# Round 10 dated june 12th



## dreamsanj (Apr 28, 2015)

HI Freinds.

well round 10 came out some days ago. the last invite went to 482 points and a total of 1501 application were invited. 

Did any one on forum got the invite in last completed round


----------



## TrimVill (Aug 10, 2012)

We got invited in this round. Now working through the forms.


----------



## dreamsanj (Apr 28, 2015)

TrimVill said:


> We got invited in this round. Now working through the forms.


Congrats TrimVill,

Can you guide the forum members on how many points you got? did you employ an agent?
Also if you get job offer, can you guide us your what methods you employed.


----------



## WestCoastCanadianGirl (Mar 17, 2012)

dreamsanj said:


> Congrats TrimVill,
> 
> Can you guide the forum members on how many points you got? did you employ an agent?
> Also if you get job offer, can you guide us your what methods you employed.


An agent won't help you to get an ITA... they'll charge you a huge amount of money to do things that you could do yourself and _no immigration agent can guarantee that your application will be successful, nor can they guarantee that they can get you a job._ If an agent promises you this, _walk away_! 

You need to get your education credentials evaluated (which you can do yourself by contacting WES), you need an IELTS test result (which you must do yourself... it _must be_ IELTS - the Pearson PTE exam is not acceptable), police clearance certificates (which you can get yourself), and job reference letters (also something that you get yourself)... there is nothing that the agent does that you can't do yourself.

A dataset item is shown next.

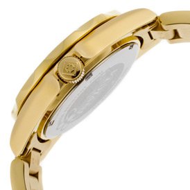 -. Feature : Swiss quartz movement / Mineral crystal; 18k gold ion-plated stainless steel case and bracelet / Magnified date window at 3:00 / Gold tone dial with gold tone hands and flowers with encrusted white crystals; luminous; unidirectional 18k gold ion-plated stainless steel bezel with gold tone top ring and black Arabic numerals / Water resistant to 660 feet (200 M): suitable for recreational scuba diving

If you have any questions about the process, you can ask questions here.

You should keep in mind that just making it past the cut-off point _does *not*_ guarantee that a candidate will receive an ITA.

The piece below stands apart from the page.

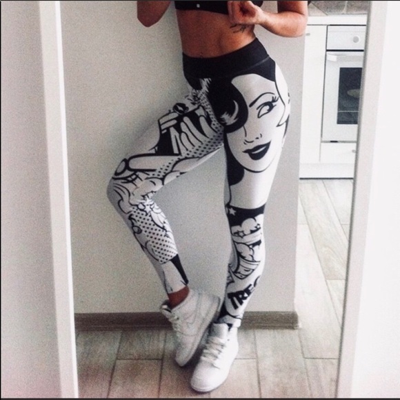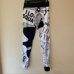 NWT “I LOVE SQUATS” COMIC STRIP DESIGN BLACK WHITE LEGGINGS SIZE SMALL

There are only a set number of ITA assigned to a draw and it is not known beforehand what that number will be. 

When the cut-off score is announced, the CIC will look at the list of successful applicants and _*only the top ranked applicants will receive an invitation*_.

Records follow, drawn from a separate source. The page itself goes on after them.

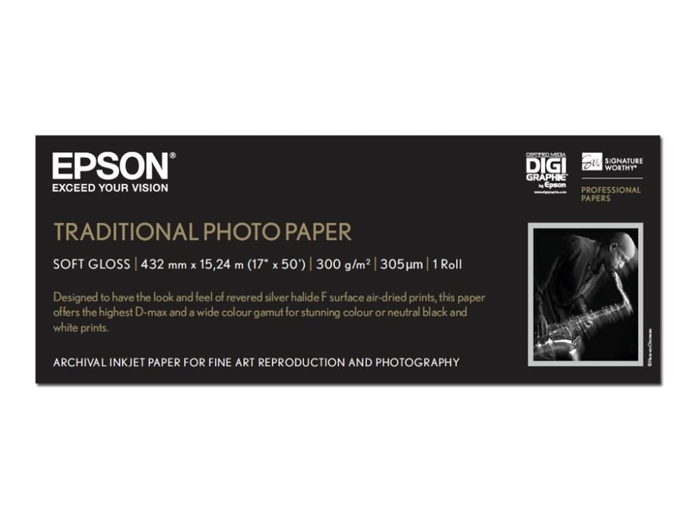 Epson Traditional Photo Paper - Rull (43,2 Cm X 15 M) - 300 G/M² - Fotopapir - For Surecolor P5000, P800, Sc-P10000, P20000, P5000, P7500, P900, P9500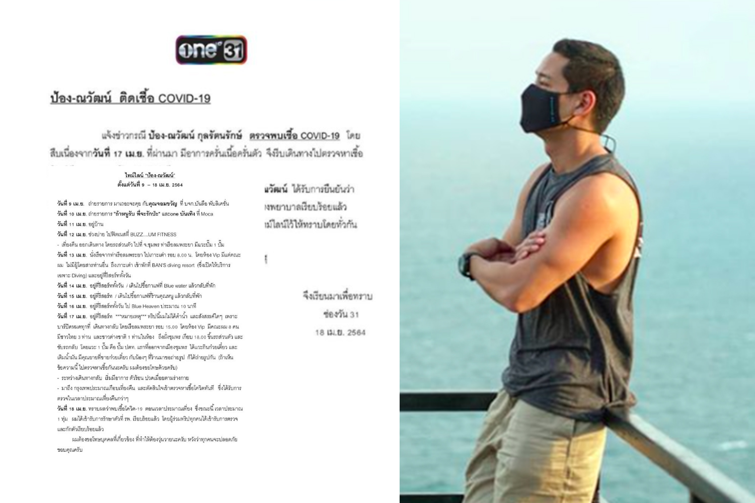 "ป้อง ณวัฒน์" ติดโควิด-19 แจ้งไทม์ไลน์ พร้อมขอโทษผู้เกี่ยวข้อง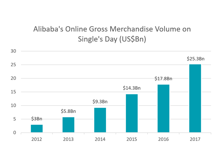 With a third of the Chinese population purchasing items during Singles’ Day alone, Alibaba is expected to generate an eye-watering US$37bn in gross merchandising value from the event.

So, if the cut-off score was 451 and there were 850 ITA assigned to the draw and you had a score of 451 and there are 1300 people who have qualified, the 850 applicants with the highest scores will receive the ITA, while the remaining 450 will not receive an ITA and you will be returned to the general pool.

Your application is valid for a year, and at the end of that year, _you *will*_ have to reapply to enter the pool and _you *will not*_ receive an ITA just because you've been in the pool for a year... the CIC is only interested in your ranking score and they don't regard how long you've been in the pool as a reason for issuing you an ITA. 

During the year, you are welcome to improve your academic qualifications and your language scores/learn the other official language to a level of proficiency that will get you points.


----------